● What the task requires: In this exercise, the entries below include pictures. Repeat exactly the lines from the line with "The wall is" to the line with "Selling a Nespresso", including both, but without the pictures.

● Provided information:

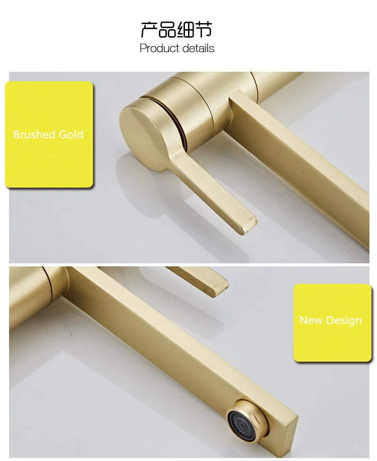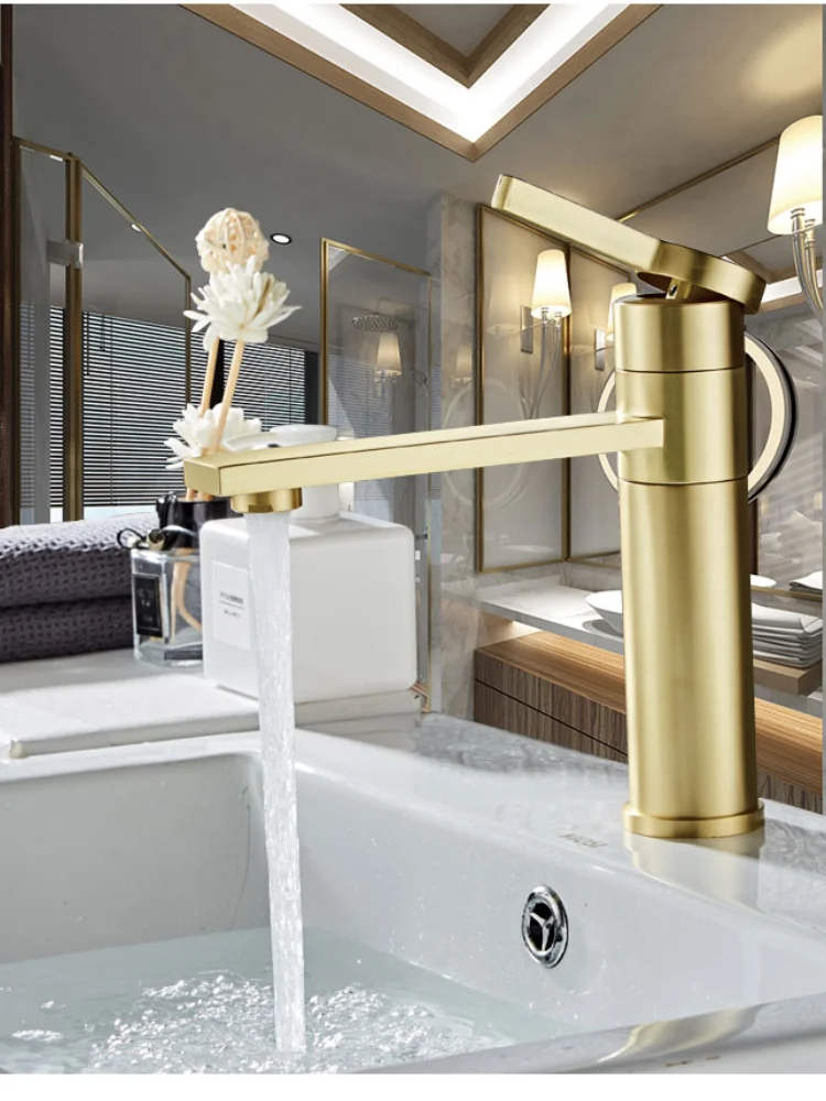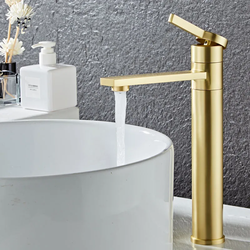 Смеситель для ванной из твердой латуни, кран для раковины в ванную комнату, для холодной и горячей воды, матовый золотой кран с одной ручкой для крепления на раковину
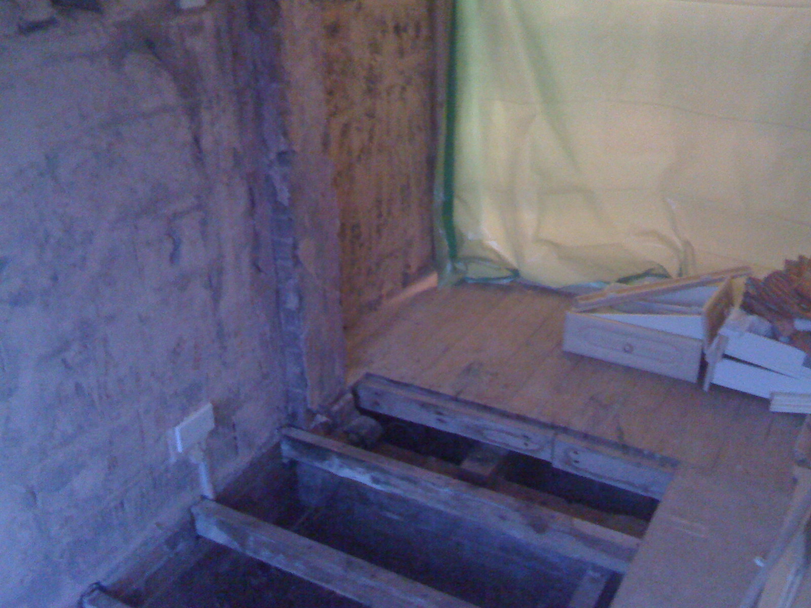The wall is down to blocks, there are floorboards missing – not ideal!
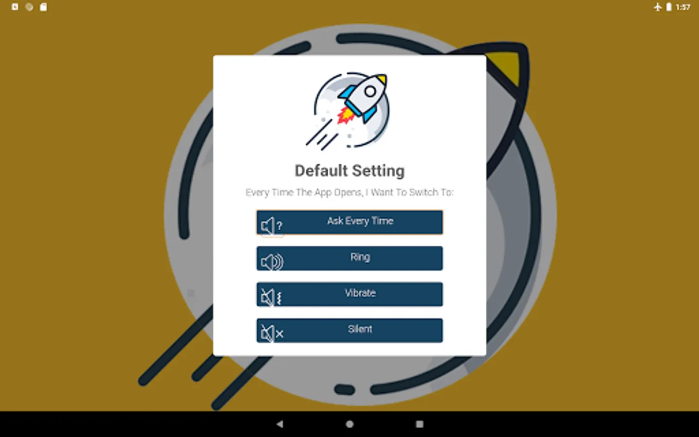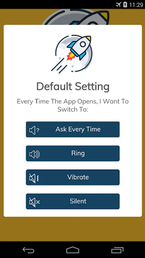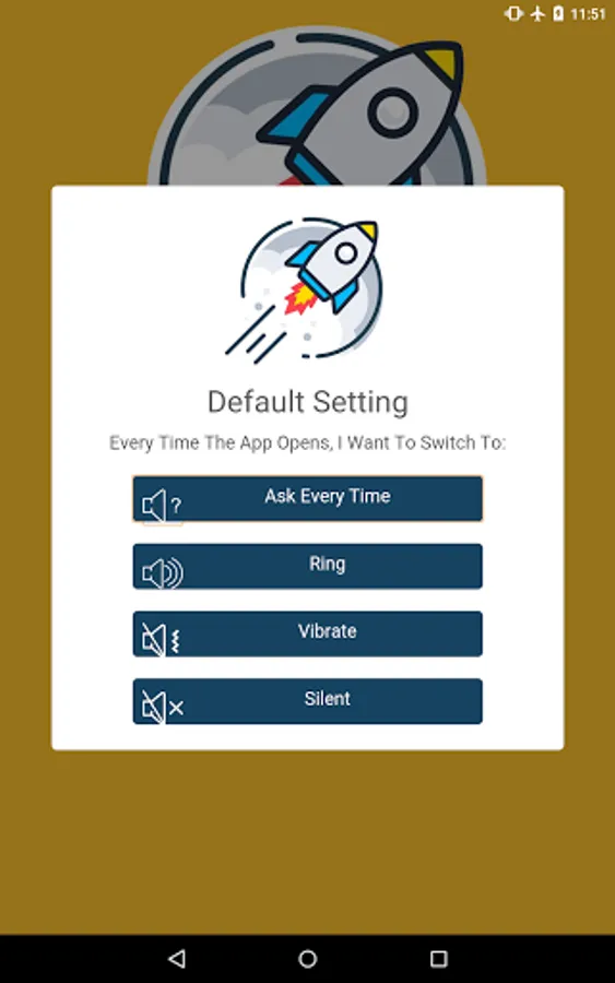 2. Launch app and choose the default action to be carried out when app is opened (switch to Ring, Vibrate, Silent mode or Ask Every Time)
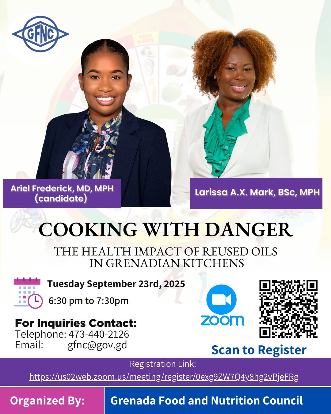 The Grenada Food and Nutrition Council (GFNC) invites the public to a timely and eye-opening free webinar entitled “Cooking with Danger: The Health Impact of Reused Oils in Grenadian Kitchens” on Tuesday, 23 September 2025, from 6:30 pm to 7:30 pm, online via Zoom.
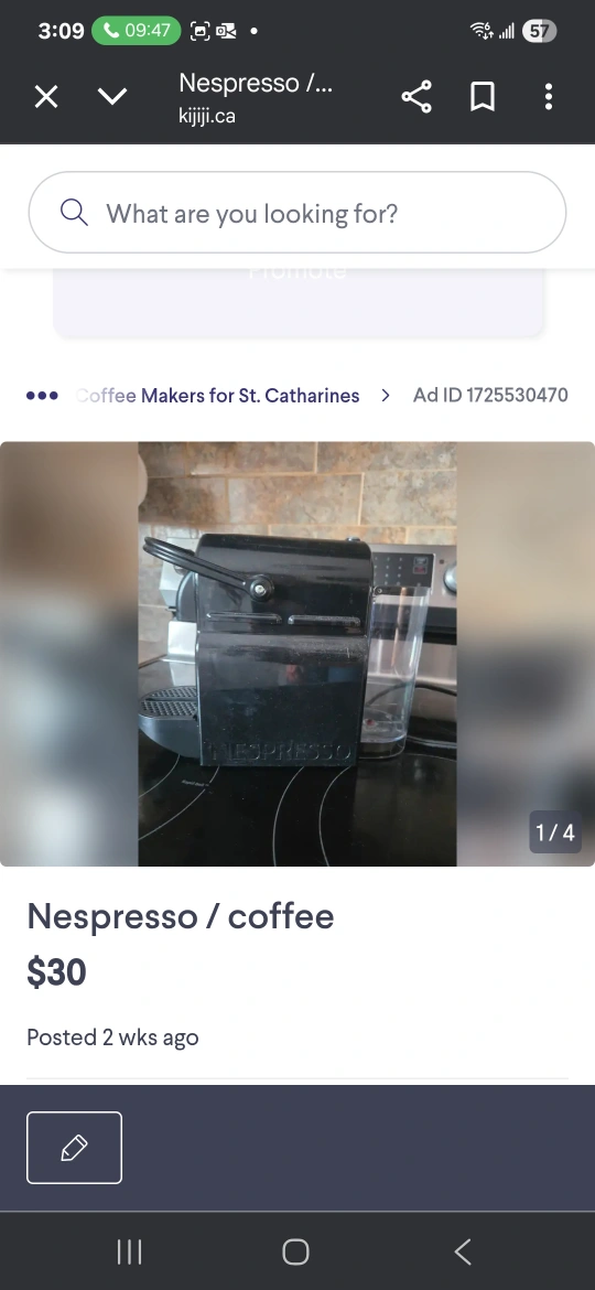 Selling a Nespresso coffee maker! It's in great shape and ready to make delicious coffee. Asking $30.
--
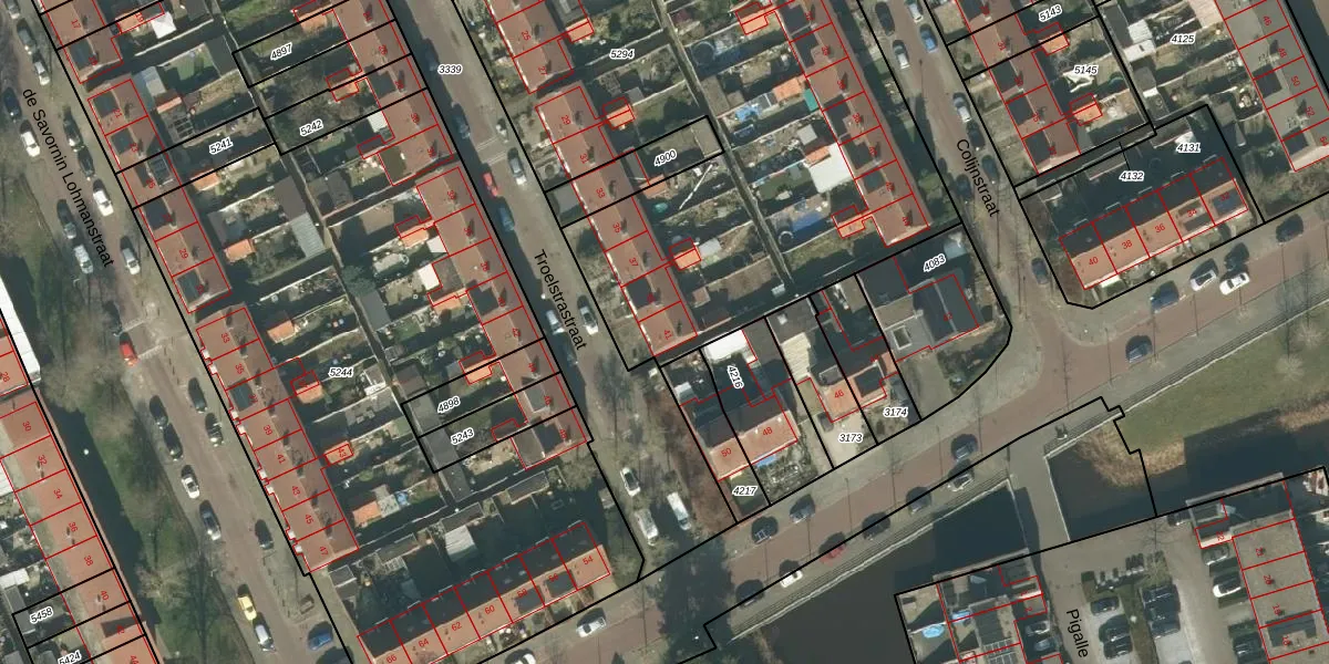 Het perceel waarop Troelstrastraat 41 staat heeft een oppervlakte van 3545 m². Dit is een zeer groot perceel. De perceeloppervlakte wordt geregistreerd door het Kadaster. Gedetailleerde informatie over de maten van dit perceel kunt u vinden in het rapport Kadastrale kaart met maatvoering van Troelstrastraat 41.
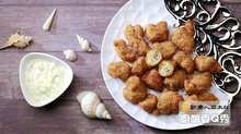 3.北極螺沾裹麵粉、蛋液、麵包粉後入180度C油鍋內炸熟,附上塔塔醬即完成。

● Response:
The wall is down to blocks, there are floorboards missing – not ideal!
 2. Launch app and choose the default action to be carried out when app is opened (switch to Ring, Vibrate, Silent mode or Ask Every Time)
 The Grenada Food and Nutrition Council (GFNC) invites the public to a timely and eye-opening free webinar entitled “Cooking with Danger: The Health Impact of Reused Oils in Grenadian Kitchens” on Tuesday, 23 September 2025, from 6:30 pm to 7:30 pm, online via Zoom.
 Selling a Nespresso coffee maker! It's in great shape and ready to make delicious coffee. Asking $30.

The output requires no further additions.